# Loctite vs anti-seize



## cactusfarmer (Nov 8, 2003)

I've searched around the forum and spoke with a few follks and I'm still a little confused on this issue of using Loctite vs anit-seize. 

I'm getting ready to put my head back on my engine, which of course means putting back the intakes, timing covers, idler sprocket bolts, water pump, oil pan etc. Some folks are saying use Blue Loctite on all the bolts and others, say, "no you're putting a steel bolt into an aluminun head and block, you need to put anti-seize on the bolts. Still others say, don't use anything. 

When I took most of the bolts out, they had what appeared to be a dried white substance on the end, which I was told was dried anti-seize. 

Of course I know I don't need to put anything on the actual headbolts but a little oil, but what about the rest of the parts? What does the factory use?

Any suggestions?


----------



## lshadoff (Nov 26, 2002)

The Factory Service Manual says:

"Apply new engine oil to bolt threads and seat surfaces when installing cylinder head, camshaft sprocket, crankshaft pulley, and camshaft brackets."
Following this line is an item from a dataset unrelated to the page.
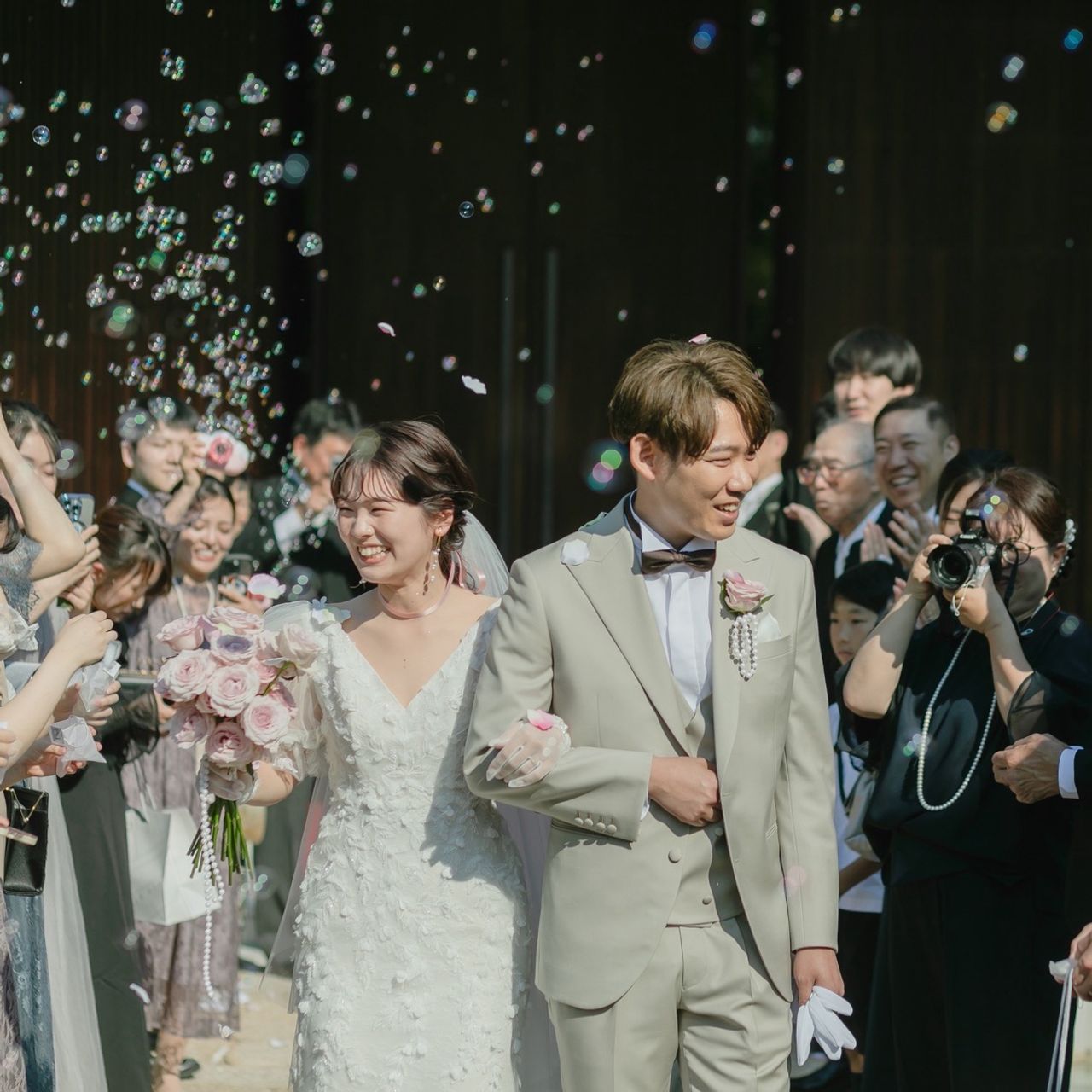 当日幸いにも晴れており、アフターセレモニーで歩いたノモンまでの石畳の道は、とても忘れがたい風景でした。芝生が太陽の光でチラチラと輝いていたり、穏やかな風にのる花びらとバブル。どこを切り取っても感動的な空間だったのを覚えています。

Generally oil is applied to the threads of fasteners which must be torqued to a specfic value. If the threads are dry or dirty, the torque reading will be incorrect.

The purpose of loctite is to keep a fastener from unscrewing, usually because of vibration. It is a substance which hardens in a short time. The blue Loktite anti-seize is somewhat soft and the fastener can be relatively easily removed. There is a stud fastener Loktite which is much stronger, making the stud quite difficult to remove. Loktite thread cleaner should be used before applying so that it adheres properly.

The purpose of anti-seize is to keep fasteners from becoming stuck after they are tightened. When using steel bolts in aluminum, electrolytic processes produce corrosion which effectively seals the parts together (the white stuff you saw). Anti-seize prevents this. It is an especially common problem for parts that get hot, so it should be used on spark plugs and anything in the exhaust system.

Lew


----------



## cactusfarmer (Nov 8, 2003)

lshadoff said:


> The purpose of loctite is to keep a fastener from unscrewing, usually because of vibration. It is a substance which hardens in a short time. The blue Loktite anti-seize is somewhat soft and the fastener can be relatively easily removed. There is a stud fastener Loktite which is much stronger, making the stud quite difficult to remove. Loktite thread cleaner should be used before applying so that it adheres properly.
> Lew


Thanks for the tips.
I understand the part about bolts that need oil to before torquing down, however, I'm still not clear, on the timing covers, water pump and oil pan since they are steel bolts going into alumunin. Would you recommend the Loctite Blue for those bolts, or the anti-seize? 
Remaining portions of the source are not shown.